- **WORK TO COMPLETE**
Your job is to return each record exactly, minus any pictures.

- **DATA RECORDS**

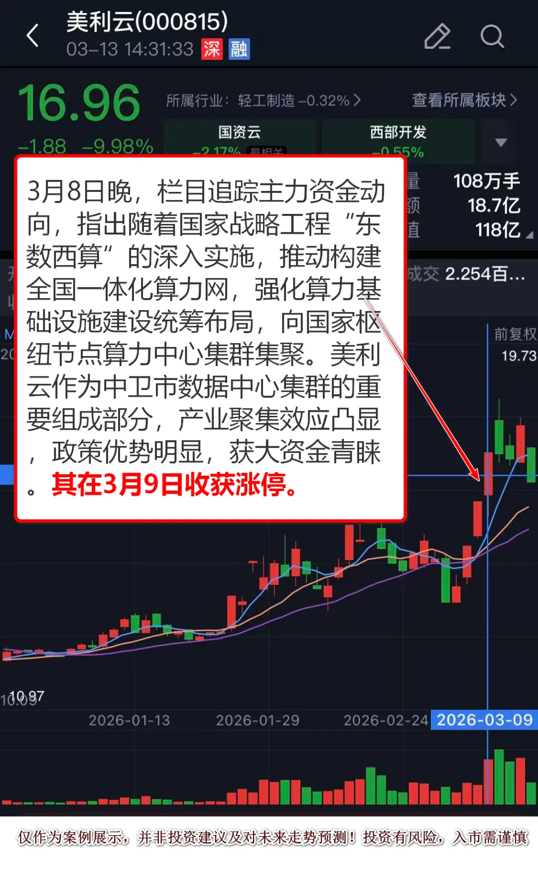 算力方向受到热度扩散表现活跃。3月8日晚,栏目追踪主力资金动向,指出随着国家战略工程“东数西算”的深入实施,推动构建全国一体化算力网,强化算力基础设施建设统筹布局,向国家枢纽节点算力中心集群集聚。美利云作为中卫市数据中心集群的重要组成部分,产业聚集效应凸显,政策优势明显,获大资金青睐。
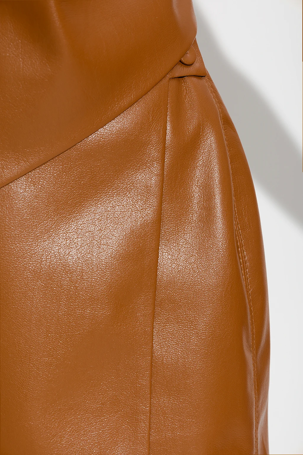 Brązowe szorty z nakładką, model ‘Svana’ Nanushka. Wykonane ze skóry wegańskiej. Zapinane na kryty zamek oraz na guzik. Dwie wsuwane kieszenie.
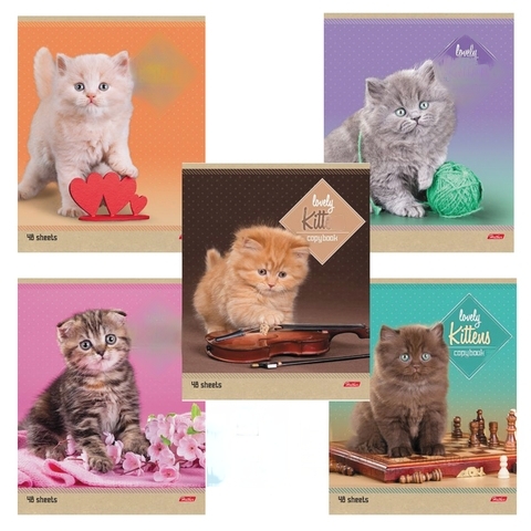 Тетрадь А5, 48 л., HATBER, скоба, линия, обложка картон, "КОТЯТА" (5 видов в спайке), 48Т5В2, T242407
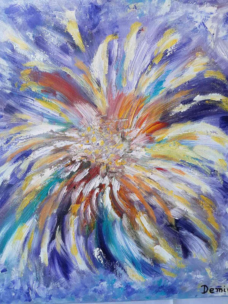 Η δουλειά της εδώ και χρόνια έχει πάρει αφηρημένη μορφή που συνήθως συμβολίζει συναισθήματα ή και θέματα που απασχολούν τον κόσμο μεταμορφωμένα σε χρώματα και σχήματα.
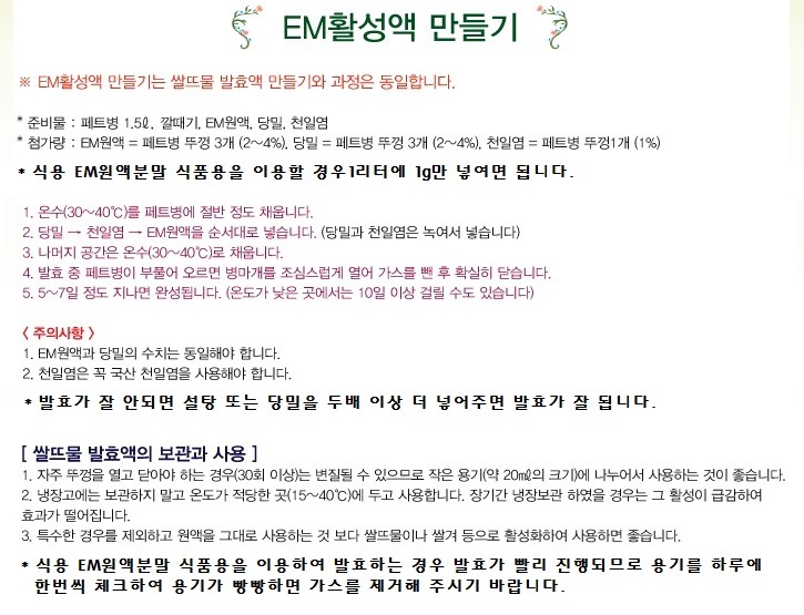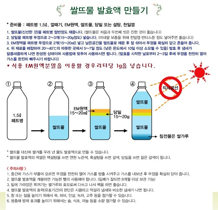 “생선구이를 한 뒤 분무기에 넣은 식용 EM원액분말 식품용으로 발효하여 만들기한 EM 발효액을 집안에 뿌려두면 금새 냄새가 사라져요. 싱크대`도마`행주 등에 뿌려두면 살균효과가 있고, 목욕이나 세수 후 헹굼물에 조금 넣으면 피부가 건강해집니다. 식용 EM원액분말을 밥할 때 한스푼 넣으면 잘 쉬지 않고, 식용 EM원액분말 식품용으로 만든 EM쌀뜨물발효액만들기하여 만든 EM발효액을 빨래할 때 섬유유연제 대신 넣으면 살균도 되고 부드러워져요.”

- **WRITTEN ANSWER**
 算力方向受到热度扩散表现活跃。3月8日晚,栏目追踪主力资金动向,指出随着国家战略工程“东数西算”的深入实施,推动构建全国一体化算力网,强化算力基础设施建设统筹布局,向国家枢纽节点算力中心集群集聚。美利云作为中卫市数据中心集群的重要组成部分,产业聚集效应凸显,政策优势明显,获大资金青睐。
 Brązowe szorty z nakładką, model ‘Svana’ Nanushka. Wykonane ze skóry wegańskiej. Zapinane na kryty zamek oraz na guzik. Dwie wsuwane kieszenie.
 Тетрадь А5, 48 л., HATBER, скоба, линия, обложка картон, "КОТЯТА" (5 видов в спайке), 48Т5В2, T242407
 Η δουλειά της εδώ και χρόνια έχει πάρει αφηρημένη μορφή που συνήθως συμβολίζει συναισθήματα ή και θέματα που απασχολούν τον κόσμο μεταμορφωμένα σε χρώματα και σχήματα.
 “생선구이를 한 뒤 분무기에 넣은 식용 EM원액분말 식품용으로 발효하여 만들기한 EM 발효액을 집안에 뿌려두면 금새 냄새가 사라져요. 싱크대`도마`행주 등에 뿌려두면 살균효과가 있고, 목욕이나 세수 후 헹굼물에 조금 넣으면 피부가 건강해집니다. 식용 EM원액분말을 밥할 때 한스푼 넣으면 잘 쉬지 않고, 식용 EM원액분말 식품용으로 만든 EM쌀뜨물발효액만들기하여 만든 EM발효액을 빨래할 때 섬유유연제 대신 넣으면 살균도 되고 부드러워져요.”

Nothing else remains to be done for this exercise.